Exercise details -> Set down exactly the lines below, starting at the one that contains "De tuin rondom" and ending at the one that contains "Blouson perfecto en", with both of those lines included and nothing else.

::: Material supplied

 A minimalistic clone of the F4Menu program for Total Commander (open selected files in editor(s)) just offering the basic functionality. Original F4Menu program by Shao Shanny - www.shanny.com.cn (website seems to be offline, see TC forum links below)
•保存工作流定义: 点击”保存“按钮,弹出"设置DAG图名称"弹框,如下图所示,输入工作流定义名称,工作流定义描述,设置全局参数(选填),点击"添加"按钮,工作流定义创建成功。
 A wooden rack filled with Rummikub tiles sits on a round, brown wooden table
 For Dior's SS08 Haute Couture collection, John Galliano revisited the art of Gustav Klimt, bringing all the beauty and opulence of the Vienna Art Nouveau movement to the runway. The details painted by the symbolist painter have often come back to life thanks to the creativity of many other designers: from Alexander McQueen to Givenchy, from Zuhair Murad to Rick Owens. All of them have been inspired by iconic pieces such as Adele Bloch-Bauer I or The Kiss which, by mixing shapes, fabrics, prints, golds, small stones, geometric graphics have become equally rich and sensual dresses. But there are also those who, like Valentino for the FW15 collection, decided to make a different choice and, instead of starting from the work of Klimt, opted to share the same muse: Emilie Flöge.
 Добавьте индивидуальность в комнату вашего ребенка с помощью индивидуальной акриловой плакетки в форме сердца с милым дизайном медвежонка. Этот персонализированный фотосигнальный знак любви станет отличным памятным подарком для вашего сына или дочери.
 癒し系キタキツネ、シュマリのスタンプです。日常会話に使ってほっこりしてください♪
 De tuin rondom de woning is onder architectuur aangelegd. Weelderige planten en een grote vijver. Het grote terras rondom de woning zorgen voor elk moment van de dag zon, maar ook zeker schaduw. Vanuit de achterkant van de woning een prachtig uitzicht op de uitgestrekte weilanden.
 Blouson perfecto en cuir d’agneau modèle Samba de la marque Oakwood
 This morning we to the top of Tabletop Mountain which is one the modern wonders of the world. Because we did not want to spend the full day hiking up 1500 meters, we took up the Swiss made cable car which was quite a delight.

::::::

Exercise result ->
 De tuin rondom de woning is onder architectuur aangelegd. Weelderige planten en een grote vijver. Het grote terras rondom de woning zorgen voor elk moment van de dag zon, maar ook zeker schaduw. Vanuit de achterkant van de woning een prachtig uitzicht op de uitgestrekte weilanden.
 Blouson perfecto en cuir d’agneau modèle Samba de la marque Oakwood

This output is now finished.